Ford acquired Volvo in 1998 for $6.45 billion, when the Dearborn, Mich. automaker, enjoying the spoils of its SUV and truck sales, was the world's most profitable automaker. Ford says Volvo will be a global, premium-car brand. Ford also sees Volvo as a stand-alone operation--rather like Mazda, of which Ford owns about one third-- with product-development and parts tied to Ford's divisional brands.

Volvo is part of the company's Premier Automotive Group (PAG), which Ford began dismantling this year when it sold Aston Martin. PAG, with headquarters in Irvine, Calif., was created in 1999 by former Ford CEO Jacques Nasser as an umbrella entity for the luxury brands he acquired late in the decade. In addition to Volvo, PAG also comprised Jaguar, Land Rover, and former Ford unit Aston Martin (sold to private ownership in March).

The company says it is trying to sell its Jaguar and Land Rover brands, and that it anticipates an agreement early next year. Volvo reported losses last quarter which the company says were offset by profits at the combined Jaguar and Land Rover operation.

George Magliano, director of automotive research for the Americas for Lexington, Mass.-based consultancy Global Insight, says Volvo's sweet spot in the U.S. market is as a niche brand in the near-luxury market.

"Turning Volvo into a true global luxury brand like BMW--that's going to be tough.

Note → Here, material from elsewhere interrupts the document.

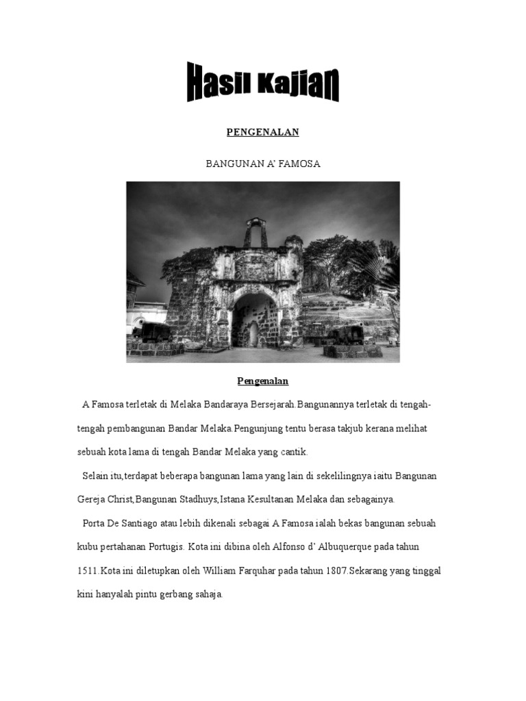 Oleh itu saya mesti menghargai dan memelihara warisan dahulu kala. Gambar kota a famosa kota a famosa maklumat sejarah kota a famosa tempat pelancongan malaysia tempat percutian menarik This entry was posted on Tuesday October 7th 2008 at 648 pm and is filed under travel malaysiaYou can follow any responses to this entry through the RSS 20 feed. Saya telah banyak memperoleh maklumat tentang sejarah Kota A Famosa ini yang kian dilupakan masyarakat kini.

It's a brand equity issue right now," he says. "Volvo is not perceived in the same frame of mind as BMW and Mercedes. The price point is lower, and they don't have the vehicle lineup."

He also warns that linking Volvo product development to Ford's is risky. "That is one of the many reasons Jaguar is in the straits they are today," he says, referring to vehicles like the X-Type, which was an effort to build Jaguar share in 2002 with an entry-level vehicle. "You can work all you want on Ford, but if you start getting Ford design cues into Volvo it's not going to work."

The other issue for Volvo will be that its brand equity has for so long been associated with safety. But, notes Magliano, "most everyone else has that now."